Work instruction —
Take the lines below beginning at the line that has "隨著利盟公司客戶服務(wù)" and stopping after the line that has "4、完成训练后,若获三星评价,点击【继续】可开启下一轮挑战。", and print them exactly as they are, with no other lines.

Recorded data —
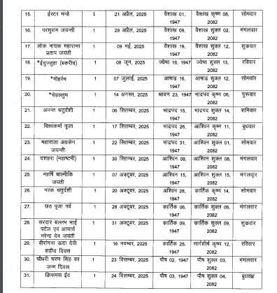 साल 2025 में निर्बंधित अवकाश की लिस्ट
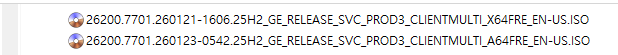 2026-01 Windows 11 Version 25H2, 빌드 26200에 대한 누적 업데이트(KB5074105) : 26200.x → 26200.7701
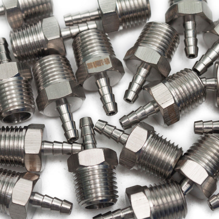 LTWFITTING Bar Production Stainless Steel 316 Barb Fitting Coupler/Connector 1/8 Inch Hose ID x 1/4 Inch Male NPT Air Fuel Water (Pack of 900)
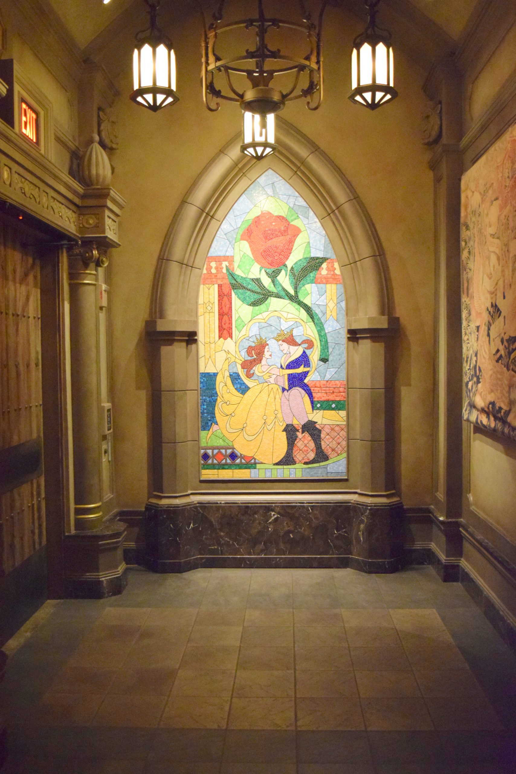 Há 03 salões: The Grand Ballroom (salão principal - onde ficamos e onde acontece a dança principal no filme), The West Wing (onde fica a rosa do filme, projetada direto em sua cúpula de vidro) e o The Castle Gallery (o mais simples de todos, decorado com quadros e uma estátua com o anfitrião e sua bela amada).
--
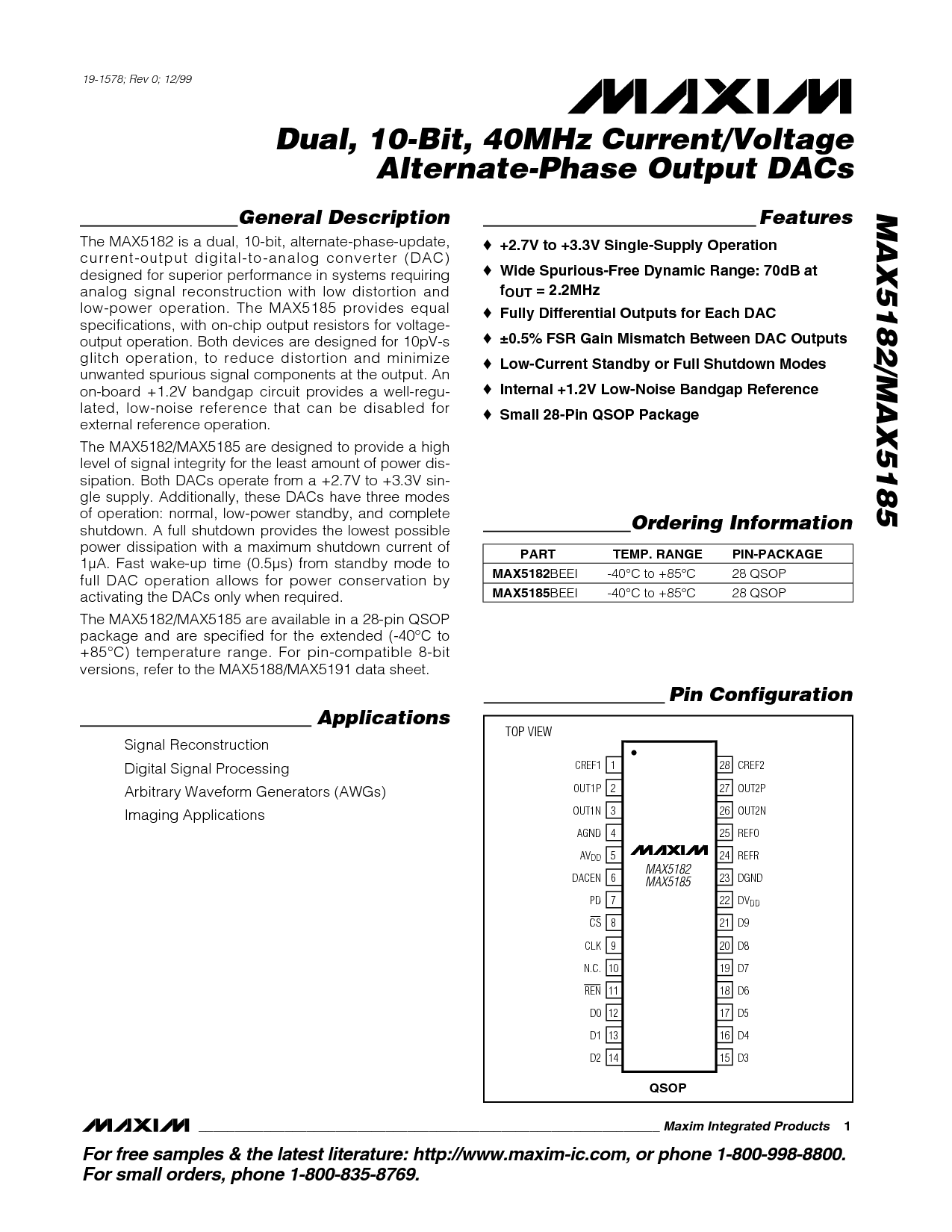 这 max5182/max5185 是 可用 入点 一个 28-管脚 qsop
==
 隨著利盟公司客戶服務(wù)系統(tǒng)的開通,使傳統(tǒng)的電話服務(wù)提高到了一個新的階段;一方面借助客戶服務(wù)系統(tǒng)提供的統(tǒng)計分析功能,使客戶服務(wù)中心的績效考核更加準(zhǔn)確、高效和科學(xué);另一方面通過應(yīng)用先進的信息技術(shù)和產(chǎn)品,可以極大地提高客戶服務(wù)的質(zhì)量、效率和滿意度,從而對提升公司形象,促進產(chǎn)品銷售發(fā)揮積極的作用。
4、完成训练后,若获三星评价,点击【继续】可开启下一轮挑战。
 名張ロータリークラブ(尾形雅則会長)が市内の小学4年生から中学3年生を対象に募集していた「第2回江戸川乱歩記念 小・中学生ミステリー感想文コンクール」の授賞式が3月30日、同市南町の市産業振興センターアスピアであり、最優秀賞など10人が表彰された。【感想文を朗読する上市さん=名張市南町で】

Solved problem —
 隨著利盟公司客戶服務(wù)系統(tǒng)的開通,使傳統(tǒng)的電話服務(wù)提高到了一個新的階段;一方面借助客戶服務(wù)系統(tǒng)提供的統(tǒng)計分析功能,使客戶服務(wù)中心的績效考核更加準(zhǔn)確、高效和科學(xué);另一方面通過應(yīng)用先進的信息技術(shù)和產(chǎn)品,可以極大地提高客戶服務(wù)的質(zhì)量、效率和滿意度,從而對提升公司形象,促進產(chǎn)品銷售發(fā)揮積極的作用。
4、完成训练后,若获三星评价,点击【继续】可开启下一轮挑战。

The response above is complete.